Archive for the Tipaza Category


Scandale de la dilapidation du foncier forestier à Tipasa : Solidarité incompréhensible autour des mis en cause

Un tapage médiatique étrange mené par une chaîne privée de télévision algérienne très regardée s’amplifie autour d’un « supposé » projet  d’investissement touristique à Tipasa.
 

Ce projet avait été bâti sur des faux documents et il n’a pas fait l’objet d’un traitement à l’instar des autres projets d’investissement dans la wilaya de Tipasa. L’ex P/APC de Tipasa, qui avait rejoint le Sénat avait signé des documents, en faisant fi des textes des lois de la République. Le pseudo-investisseur avait été condamné par la justice dans un passé récent. Il n’en demeure pas moins qu’il avait repris ses activités maffieuses, après avoir purgé sa peine, grâce aux complicités locales. Il est recherché à présent par la justice. Les familles victimes de l’arnaque et de l’escroquerie manifestent pour exprimer leur colère.

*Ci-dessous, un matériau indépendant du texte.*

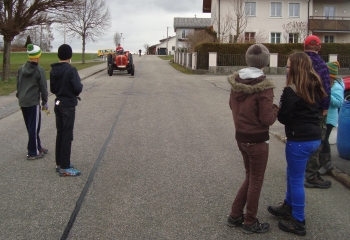 Dabei war uns Herr Willi Hopfner eine große Hilfe, denn er begleitete uns mit dem Traktor.

La décision du retrait de l’immunité parlementaire pour l’un des sénateurs de la wilaya de Tipasa fait désormais son chemin. Les enquêteurs de la section de recherches de la gendarmerie nationale de la wilaya de Tipasa sont désormais déterminés à aller jusqu’au bout de leur mission, en dépit des pressions exercées par les « aventuriers » à travers ces chaines privées nationales de télévision et leurs réseaux sociaux sur les services chargés de l’enquête et les autorités judicaires et administratives de la wilaya de Tipasa.

Si les personnes s’intéressaient à la vérité et à l’authenticité des documents établis par les délinquants qui continuent à nager dans les troubles, vraisemblablement la tournure de ce triste évènement aurait été autrement. Tayeb Louh, Ministre de la Justice et Garde des Sceaux sera saisi sans aucun doute sur le retrait de l’immunité. Ce sera un fait unique dans l’Histoire de l’Algérie. La grande question qui alimente les commentaires, concerne la position du Secrétaire Général du RND et actuel Premier Ministre, Ahmed Ouyahia, car c’est l’un des cadres de son parti qui est impliqué totalement.  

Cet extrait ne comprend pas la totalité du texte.